■ **EXERCISE DESCRIPTION**
The answer is the data repeated in full, with no pictures included.

■ **SUPPLIED MATERIAL**
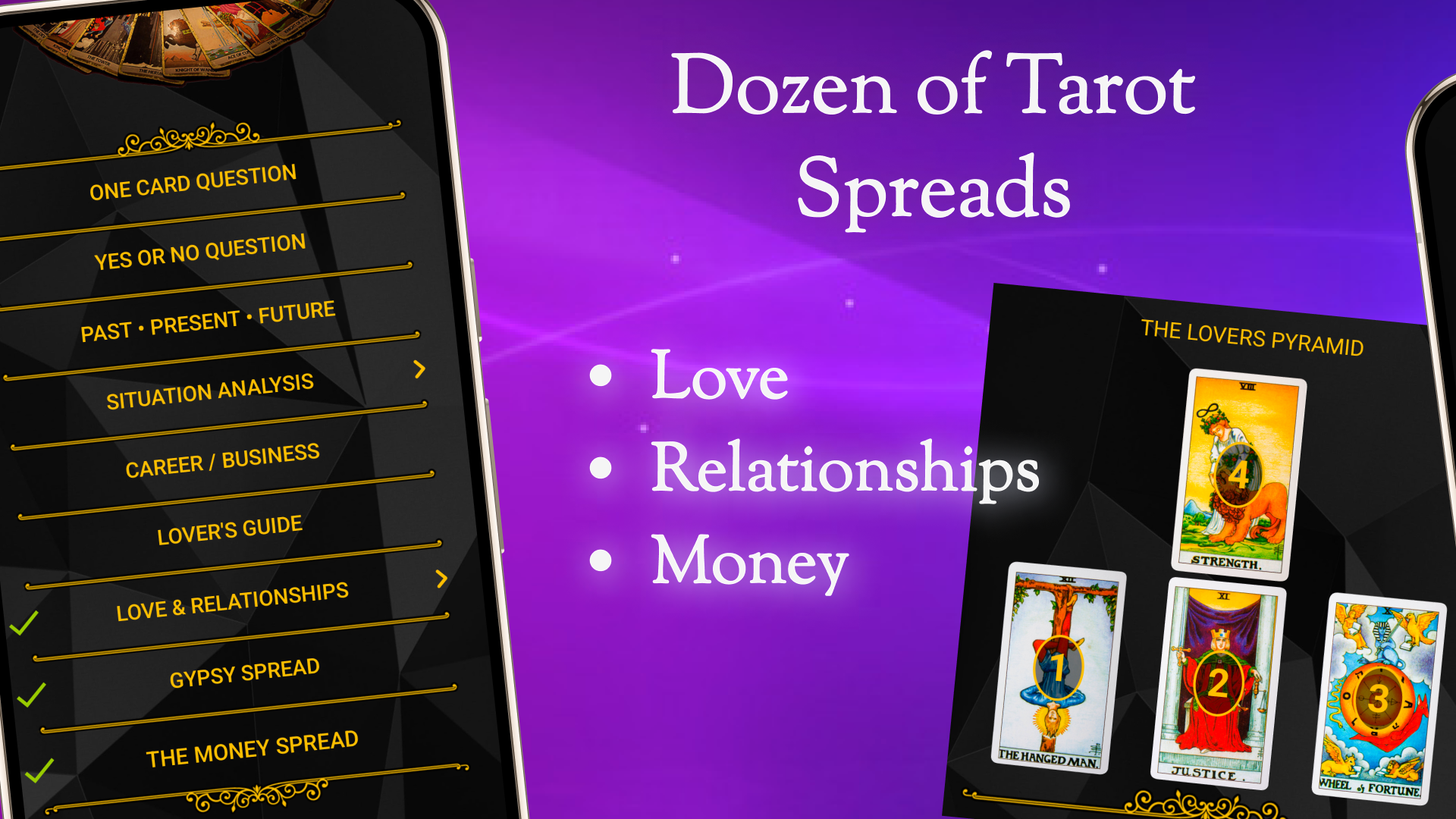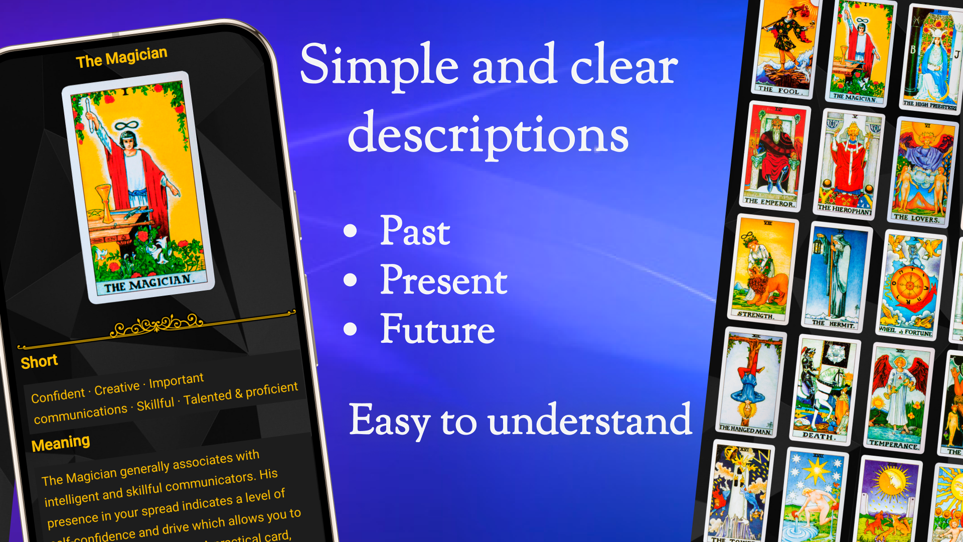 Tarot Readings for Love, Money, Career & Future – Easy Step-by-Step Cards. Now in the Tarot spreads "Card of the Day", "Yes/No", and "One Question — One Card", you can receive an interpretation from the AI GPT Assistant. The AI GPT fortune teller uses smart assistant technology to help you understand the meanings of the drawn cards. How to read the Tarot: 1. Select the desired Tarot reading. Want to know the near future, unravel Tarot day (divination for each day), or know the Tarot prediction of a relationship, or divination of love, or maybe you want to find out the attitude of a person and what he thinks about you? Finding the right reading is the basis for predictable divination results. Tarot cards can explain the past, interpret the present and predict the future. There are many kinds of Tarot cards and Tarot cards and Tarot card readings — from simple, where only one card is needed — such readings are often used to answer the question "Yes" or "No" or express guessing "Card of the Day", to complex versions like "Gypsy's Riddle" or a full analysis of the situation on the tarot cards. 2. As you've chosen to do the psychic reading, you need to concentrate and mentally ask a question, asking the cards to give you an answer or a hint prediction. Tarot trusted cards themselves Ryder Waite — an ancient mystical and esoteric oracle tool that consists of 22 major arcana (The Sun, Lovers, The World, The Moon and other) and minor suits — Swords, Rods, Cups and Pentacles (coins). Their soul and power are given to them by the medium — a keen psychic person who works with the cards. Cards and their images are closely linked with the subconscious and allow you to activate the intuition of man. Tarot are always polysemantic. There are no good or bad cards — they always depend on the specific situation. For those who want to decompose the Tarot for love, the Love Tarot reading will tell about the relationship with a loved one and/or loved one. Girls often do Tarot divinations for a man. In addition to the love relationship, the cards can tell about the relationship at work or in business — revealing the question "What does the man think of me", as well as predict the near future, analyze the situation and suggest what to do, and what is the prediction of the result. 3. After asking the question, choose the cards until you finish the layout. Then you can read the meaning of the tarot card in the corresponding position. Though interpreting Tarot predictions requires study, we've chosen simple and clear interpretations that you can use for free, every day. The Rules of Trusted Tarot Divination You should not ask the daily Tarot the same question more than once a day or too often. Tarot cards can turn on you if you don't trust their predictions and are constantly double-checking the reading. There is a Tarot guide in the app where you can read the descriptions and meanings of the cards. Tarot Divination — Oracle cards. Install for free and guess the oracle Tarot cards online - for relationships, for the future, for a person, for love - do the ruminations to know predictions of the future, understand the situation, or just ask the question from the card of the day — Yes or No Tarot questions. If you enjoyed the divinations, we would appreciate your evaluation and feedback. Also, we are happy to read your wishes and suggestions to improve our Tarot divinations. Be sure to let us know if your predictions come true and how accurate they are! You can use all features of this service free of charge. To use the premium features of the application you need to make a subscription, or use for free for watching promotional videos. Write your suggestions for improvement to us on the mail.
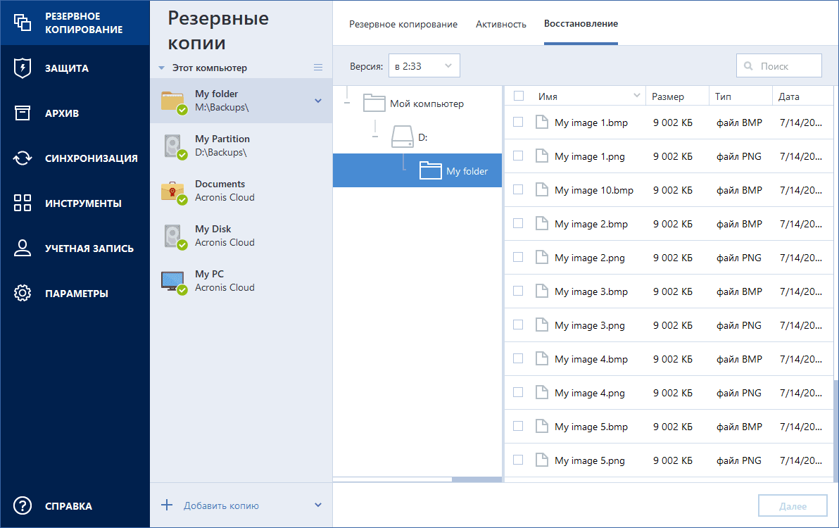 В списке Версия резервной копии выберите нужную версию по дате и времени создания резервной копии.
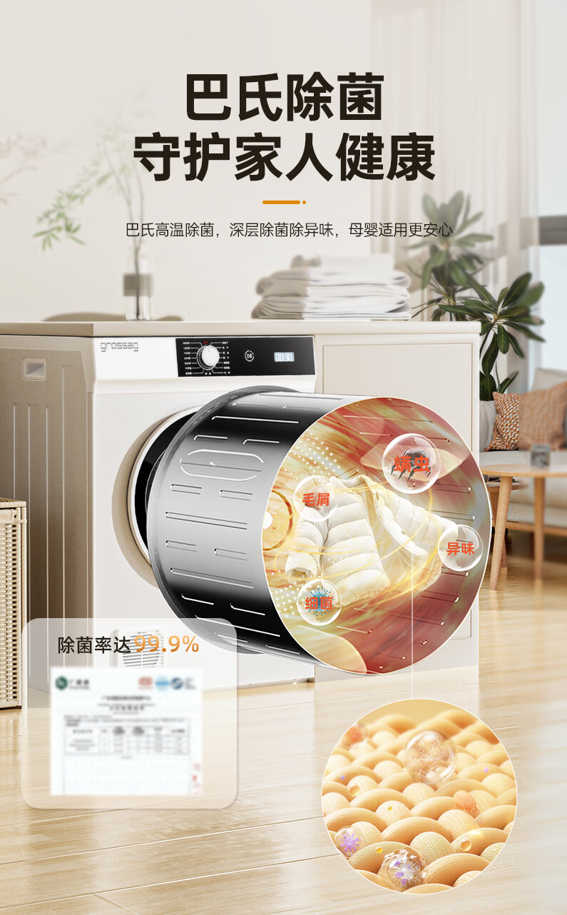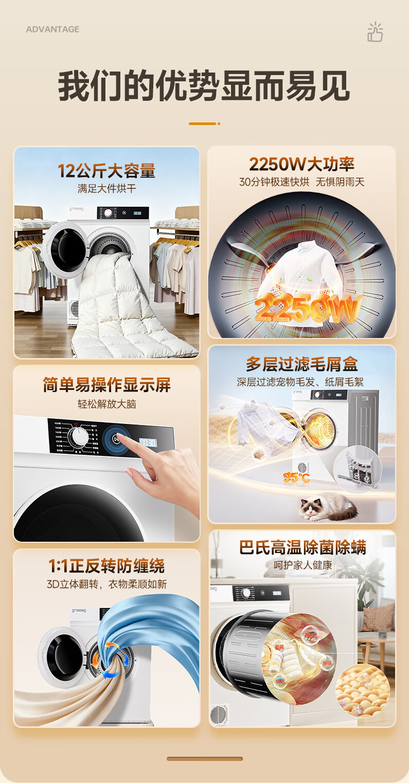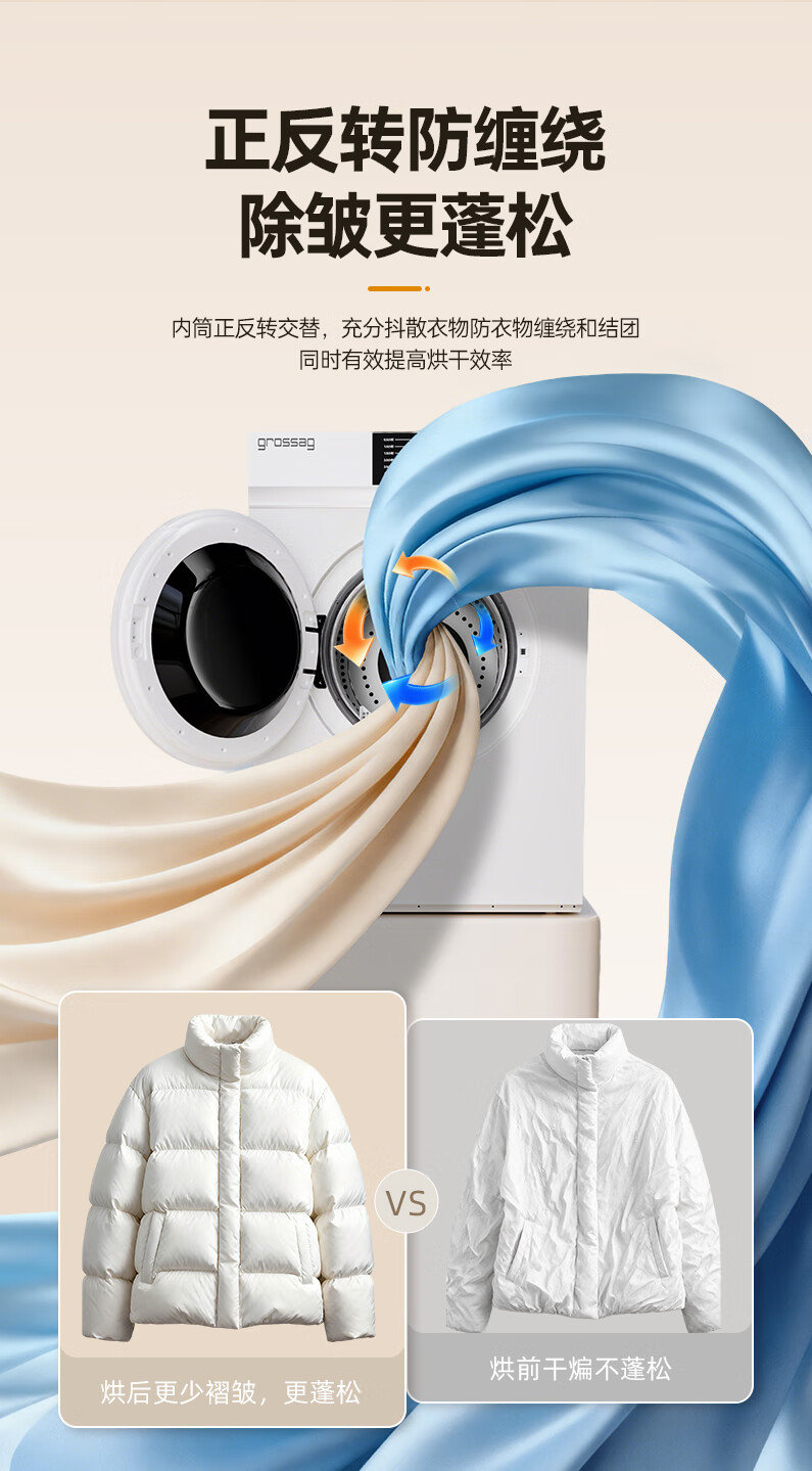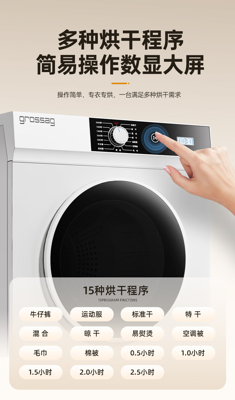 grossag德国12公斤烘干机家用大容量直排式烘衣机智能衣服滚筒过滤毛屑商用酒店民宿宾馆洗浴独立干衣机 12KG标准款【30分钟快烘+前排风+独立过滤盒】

■ **RESULT OF THE TASK**
 Tarot Readings for Love, Money, Career & Future – Easy Step-by-Step Cards. Now in the Tarot spreads "Card of the Day", "Yes/No", and "One Question — One Card", you can receive an interpretation from the AI GPT Assistant. The AI GPT fortune teller uses smart assistant technology to help you understand the meanings of the drawn cards. How to read the Tarot: 1. Select the desired Tarot reading. Want to know the near future, unravel Tarot day (divination for each day), or know the Tarot prediction of a relationship, or divination of love, or maybe you want to find out the attitude of a person and what he thinks about you? Finding the right reading is the basis for predictable divination results. Tarot cards can explain the past, interpret the present and predict the future. There are many kinds of Tarot cards and Tarot cards and Tarot card readings — from simple, where only one card is needed — such readings are often used to answer the question "Yes" or "No" or express guessing "Card of the Day", to complex versions like "Gypsy's Riddle" or a full analysis of the situation on the tarot cards. 2. As you've chosen to do the psychic reading, you need to concentrate and mentally ask a question, asking the cards to give you an answer or a hint prediction. Tarot trusted cards themselves Ryder Waite — an ancient mystical and esoteric oracle tool that consists of 22 major arcana (The Sun, Lovers, The World, The Moon and other) and minor suits — Swords, Rods, Cups and Pentacles (coins). Their soul and power are given to them by the medium — a keen psychic person who works with the cards. Cards and their images are closely linked with the subconscious and allow you to activate the intuition of man. Tarot are always polysemantic. There are no good or bad cards — they always depend on the specific situation. For those who want to decompose the Tarot for love, the Love Tarot reading will tell about the relationship with a loved one and/or loved one. Girls often do Tarot divinations for a man. In addition to the love relationship, the cards can tell about the relationship at work or in business — revealing the question "What does the man think of me", as well as predict the near future, analyze the situation and suggest what to do, and what is the prediction of the result. 3. After asking the question, choose the cards until you finish the layout. Then you can read the meaning of the tarot card in the corresponding position. Though interpreting Tarot predictions requires study, we've chosen simple and clear interpretations that you can use for free, every day. The Rules of Trusted Tarot Divination You should not ask the daily Tarot the same question more than once a day or too often. Tarot cards can turn on you if you don't trust their predictions and are constantly double-checking the reading. There is a Tarot guide in the app where you can read the descriptions and meanings of the cards. Tarot Divination — Oracle cards. Install for free and guess the oracle Tarot cards online - for relationships, for the future, for a person, for love - do the ruminations to know predictions of the future, understand the situation, or just ask the question from the card of the day — Yes or No Tarot questions. If you enjoyed the divinations, we would appreciate your evaluation and feedback. Also, we are happy to read your wishes and suggestions to improve our Tarot divinations. Be sure to let us know if your predictions come true and how accurate they are! You can use all features of this service free of charge. To use the premium features of the application you need to make a subscription, or use for free for watching promotional videos. Write your suggestions for improvement to us on the mail.
 В списке Версия резервной копии выберите нужную версию по дате и времени создания резервной копии.
 grossag德国12公斤烘干机家用大容量直排式烘衣机智能衣服滚筒过滤毛屑商用酒店民宿宾馆洗浴独立干衣机 12KG标准款【30分钟快烘+前排风+独立过滤盒】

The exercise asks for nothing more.